Punitive damages are available under Maine law only for tortious conduct, Tuttle v. Raymond, 494 A.2d 1353, 1360 (Me. 1985), and only "if the plaintiff can establish by clear and convincing evidence that the defendant's conduct was motivated by actual ill will or was so outrageous that malice is implied," Fine Line, Inc. v. Blake, 677 A.2d 1061, 1065 (Me. 1996). If the court adopts my recommendation that summary judgment be entered for the defendant on Count II, summary judgment is also in order on Count IV, because no claim sounding in tort will remain in this action.

Even if that were not the case, the plaintiff would not be entitled to present a claim for punitive damages at trial on the basis of the summary judgment record. The plaintiff offers the following evidence to support its claim: Feingold only requested a bid from the plaintiff after the plaintiff learned independently that another party would be "taking over" its ad insertion business with the defendant, Feingold refused to schedule a meeting with representatives of the plaintiff concerning its bid, and Feingold was aware that termination of the plaintiff's services in July rather than at the end of the calendar year would render the plaintiff unable to fulfill its contractual obligations to its advertisers. Plaintiff's Memorandum at 13-14. None of these facts rises to the level of actual ill will or conduct so outrageous that malice may be implied. See Tuttle, 494 A.2d at 1360-63.

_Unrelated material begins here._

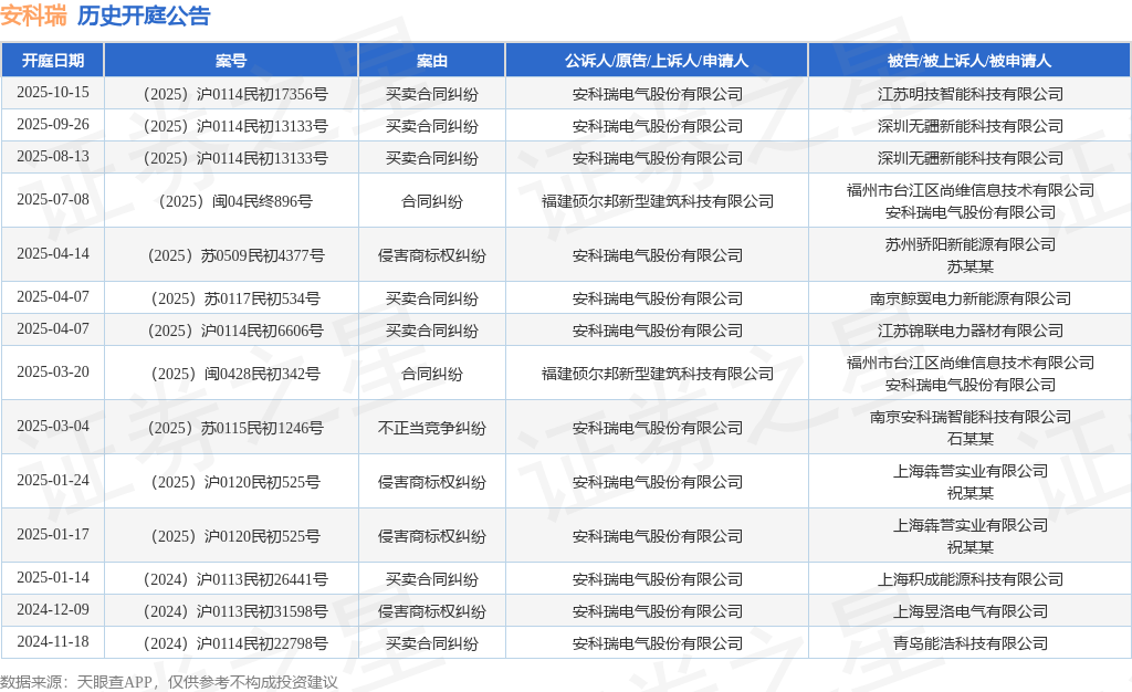 根据统计,近一年内以安科瑞电气股份有限公司为当事人的历史开庭公告有14则,其中案由为“买卖合同纠纷”的公告以7则居首,其次为“侵害商标权纠纷”有4则,“合同纠纷”有2则。历史开庭公告如下:
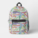 This personalized printed backpack has a crafting sewing word search pattern with a vintage news paper printing texture in lots of bright colors. You can make the pattern on this backpack larger or smaller. Great gift for anyone that loves crafting, sewing or word search games.

The plaintiff requests this court to defer ruling on the motion for summary judgment on the punitive damages count until the plaintiff has had an opportunity to take the deposition of Feingold, the person who made the decision to terminate the plaintiff's services. Plaintiff's Memorandum at 14. However, the plaintiff has not complied with Fed. R. Civ. P. 56(f) in making this request, nor does it specify what additional evidence of malice it will seek to develop in this deposition. Under these circumstances, I conclude that the plaintiff will in any event be unable to present evidence of malice sufficient to support a claim for punitive damages. The defendant is entitled to summary judgment on Count IV. 3

IV. Conclusion

For the foregoing reasons, I recommend that the defendant's motion for summary judgment be GRANTED as to Counts II and IV of the complaint, and otherwise DENIED.


A party may file objections to those specified portions of a magistrate judge's report or proposed findings or recommended decisions entered pursuant to 28 U.S.C. § 636(b)(1)(B) for which de novo review by the district court is sought, together with a supporting memorandum, within ten (10) days after being served with a copy thereof. A responsive memorandum shall be filed within ten (10) days after the filing of the objection.

Failure to file a timely objection shall constitute a waiver of the right to de novo review by the district court and to appeal the district court's order.

Dated this 21st day of January, 1998.

1. All of the affidavits submitted by both parties in connection with this motion for summary judgment are made on information and belief, in violation of the requirement of Fed. R. Civ. P. 56(e) that such affidavits be made on personal knowledge. I rely only on that information shown by the context of the affidavits to be within the personal knowledge of the affiants.

2. The pages of the defendant's memorandum are unnumbered. Local Rule 7(e) requires that all pages be numbered at the bottom.

3. The plaintiff does not address its claim for attorney fees in its opposition to the motion for summary judgment on Count IV. Therefore, that claim is waived. Winters v. FDIC, 812 F. Supp. 1, 6 (D. Me. 1993).